1. George-Paschal Desbarats was a French-Canadian printer, publisher, businessman, and landowner.

1. George-Paschal Desbarats was a French-Canadian printer, publisher, businessman, and landowner.
George-Paschal Desbarats was born in Quebec City in Lower Canada on 11 August 1808, the third son of Marie-Josephte and Pierre-Edouard Desbarats, a printer and Deputy Registrar of the Legislative Assembly of Lower Canada.
George-Paschal Desbarats managed the family business from 1826 when his father fell ill and took it over when his father died two years later.
George-Paschal Desbarats continued the business's relations with its co-owner Thomas Cary, and they may have co-owned Cary's Quebec Mercury newspaper from 1828 to 1848.
George-Paschal Desbarats thus moved as the capital did throughout the period to Kingston, Montreal, Toronto, and Quebec City, where in 1860 he and Derbershire established a business with the help of his son George-Edouard Desbarats and were responsible for the publication of works by such French-Canadian writers as Philippe-Joseph Aubert de Gaspe and Ernest Gagnon as well as the literary journal Le Foyer canadien.
George-Paschal Desbarats invested in railways and mining, and with Derbershire he acquired the Ottawa Glass Works near Vaudreuil, one of the province's first glassworks.

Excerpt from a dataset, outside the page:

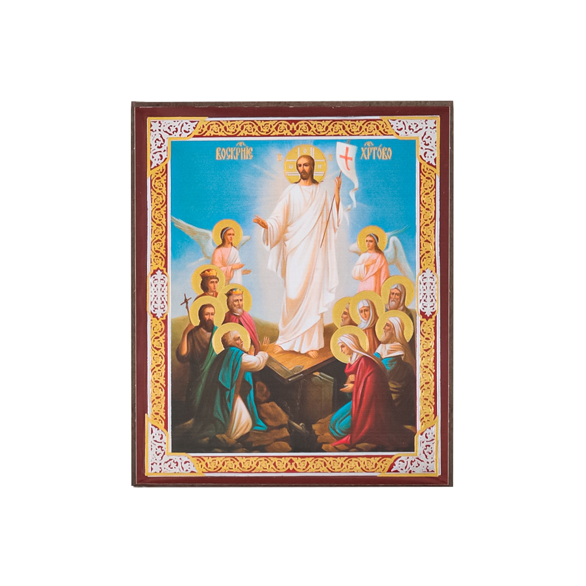 Икона на деревянном планшете 6х9 двойное тиснение, аннотация, упаковка Воскресение Христово 24

George-Paschal Desbarats invested in the St Lawrence and Atlantic Railroad, which he promoted with a pamphlet in 1849 titled The St Lawrence and Atlantic Railroad: its position as a private undertaking, and advantages as a national work.
In 1847 George-Paschal Desbarats bought many properties and tracts of land, including one in the Chaudiere valley where gold was being prospected, and a mining tract north of Lake Huron called the George-Paschal Desbarats Location.
George-Paschal Desbarats was secretary of the Montreal Mining Company in 1847 and became president of the St Lawrence Mining Company in 1854.
George-Paschal Desbarats married three times, first to Henriette Dionne, daughter of Amable Dionne.